TrueNAS Pool Degraded: The Case of the "Dead" Drive That Wasn't

Connect to server to find critical alert on my TrueNAS Scale server. My main photo backup pool was degraded, and a drive was completely missing from the configuration.

SELF HOSTINGFEATURED

1/19/20263 min read

I recently connected to my TrueNAS server to find a critical alert! My main photo backup pool was degraded, and a drive was completely missing from the configuration.

The message was terrifying, but it contained a glimmer of hope: "Sufficient replicas exist." My RAIDZ1 setup was doing its job, keeping my data accessible with one drive down. But I was now flying without a safety net. It was time to troubleshoot, and I feared the worst for my month-old 8TB WD Red Plus drive.

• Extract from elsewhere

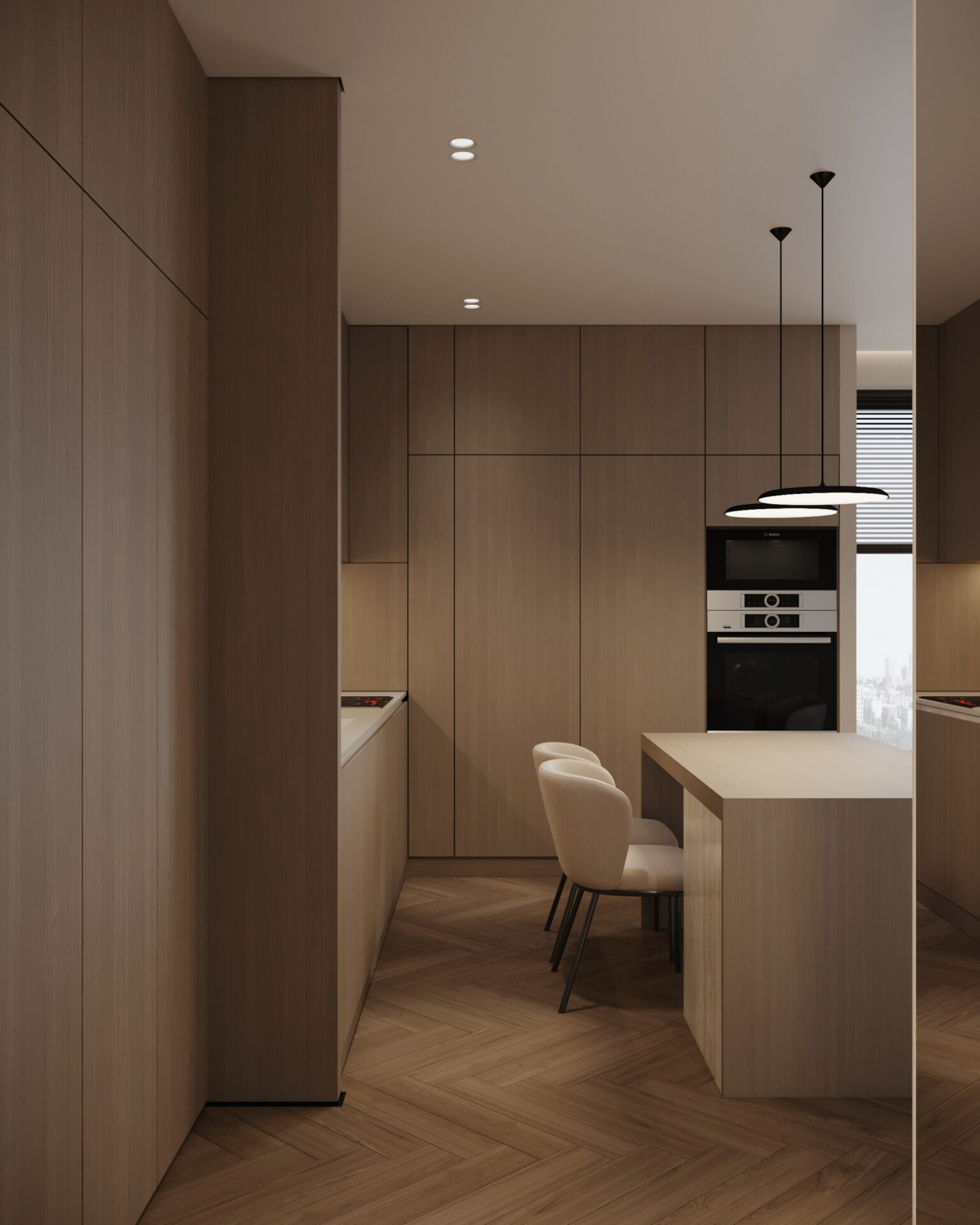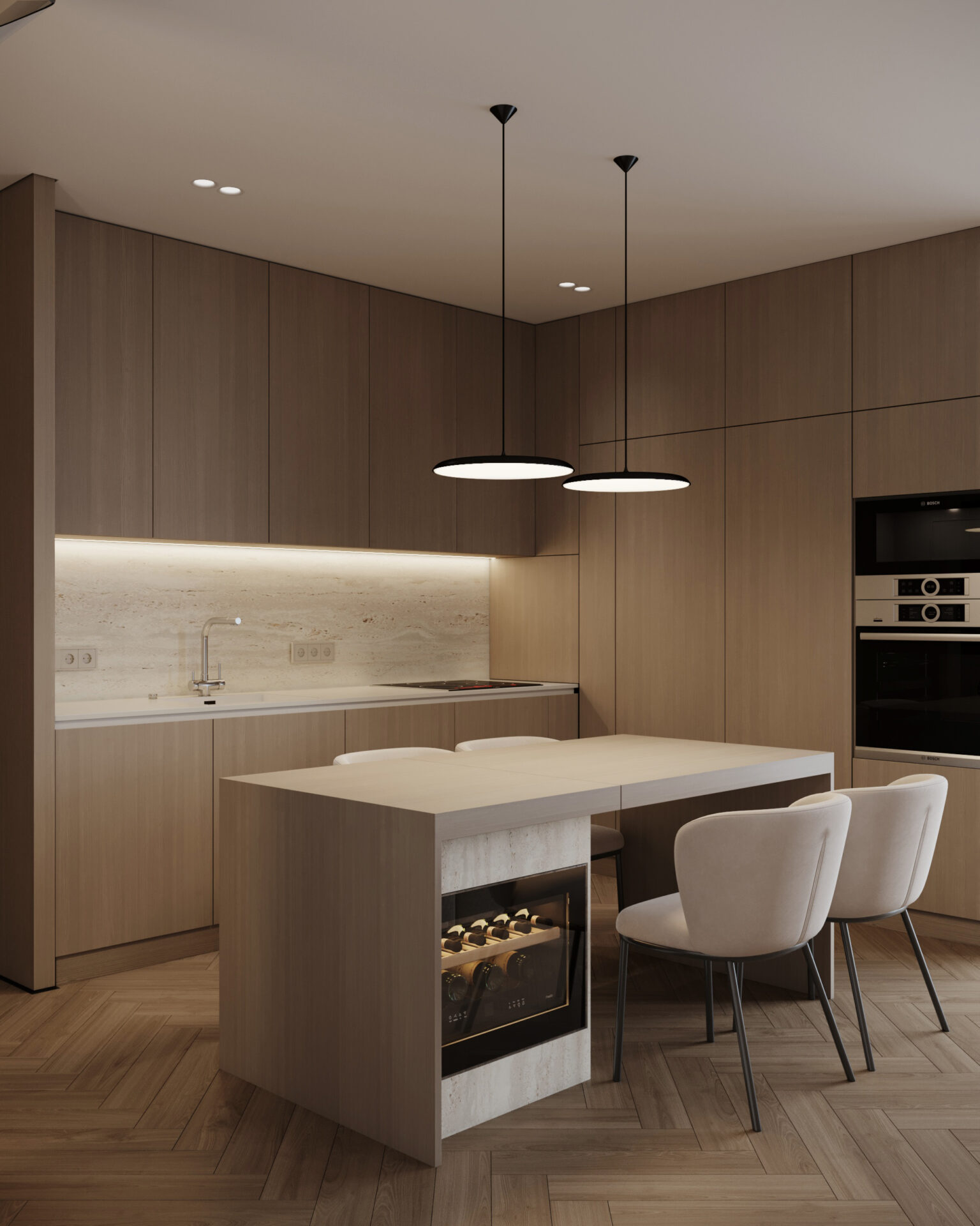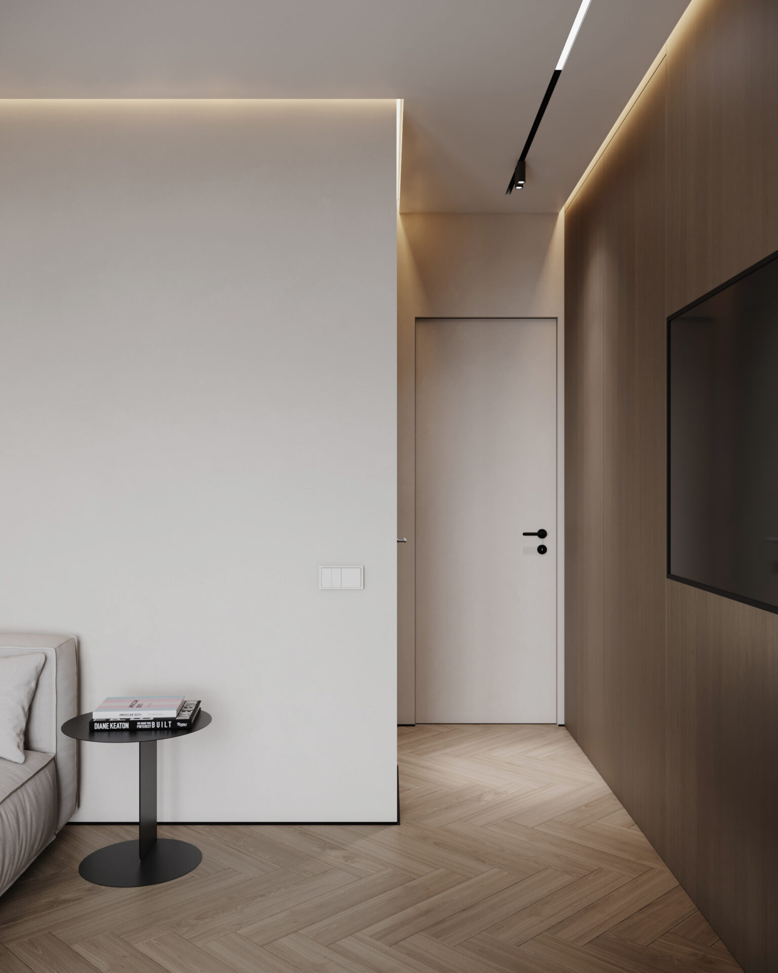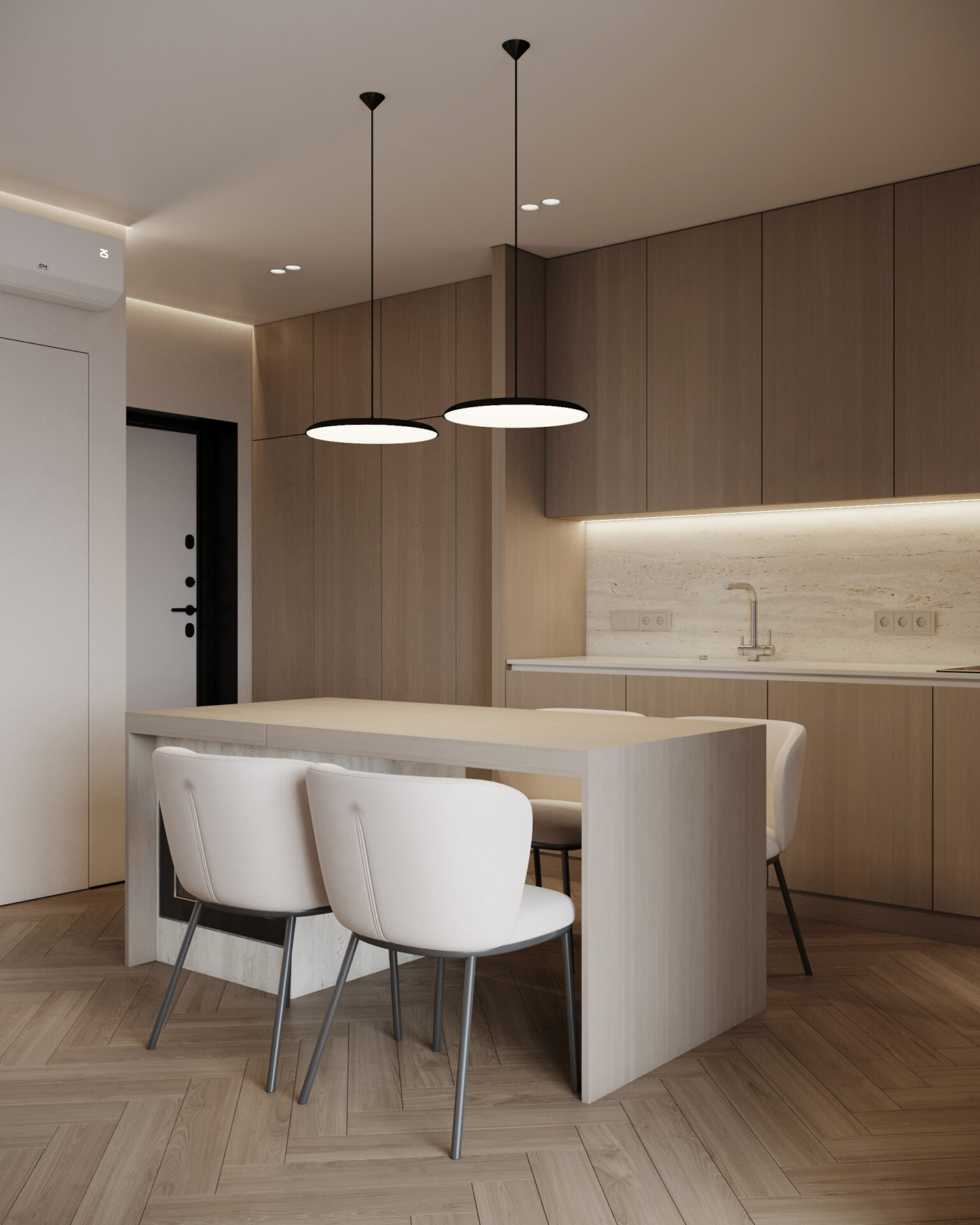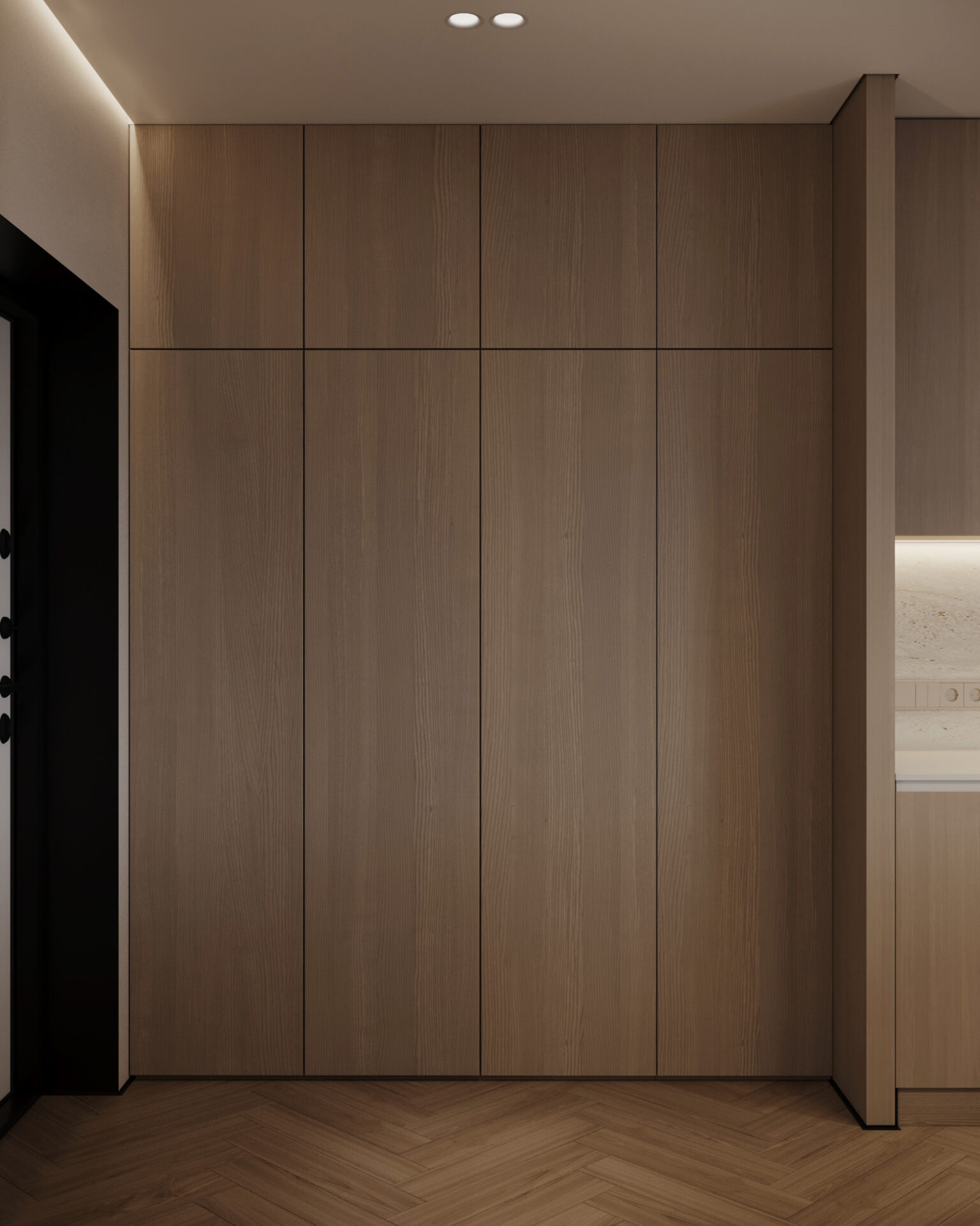 Проект для молодої дівчини, виконаний у мінімалістичному стилі. Ми поєднали світлі відтінки з деревом, створивши легкість і простір. Після перепланування у квартирі нам вдалося розмістити пральну кімнату, кабінет з гардеробною, спальню з проектором та винну шафу під обіднім столом у кухні. Комфорт та функціональність для сучасного життя.

Phase 1: The "Zombie" Drive Boot Loop

My first instinct was to reboot the server, hoping it was just a transient glitch. That was a mistake. The server wouldn't shut down cleanly. The web interface died, but the machine stayed powered on.

Connecting a monitor revealed the issue. The operating system was hanging, waiting indefinitely for the missing drive to synchronize its cache before powering off. It was stuck in a loop, throwing I/O errors and timing out, unable to get a response from the problem disk.

With the keyboard unresponsive, I had to perform a hard reset by holding the power button for 10 seconds. I decided to try booting it back up with the drive still connected to see if I could get SMART data, fully prepared to force-kill it again if it hung. Fortunately, the "zombie" drive responded just enough to let the system boot.

Phase 2: Investigation & Mistaken Identity

Once back in the web GUI, the pool was still degraded, but the system was live. I needed to verify which physical drive was the culprit. Since Linux drive letters (like /dev/sdb) can change between reboots based on the order drives respond, I couldn't rely on the old error logs. I needed to map the current drive letters to their serial numbers.

I jumped into the shell and used lsblk to find my missing drive:

Aha! The drive with serial number WD-RD39**** (the one TrueNAS complained about) was currently assigned the letter sdc. The GUI also showed sdc with multiple errors. I had my target.

Phase 3: The Smoking Gun (SMART Data)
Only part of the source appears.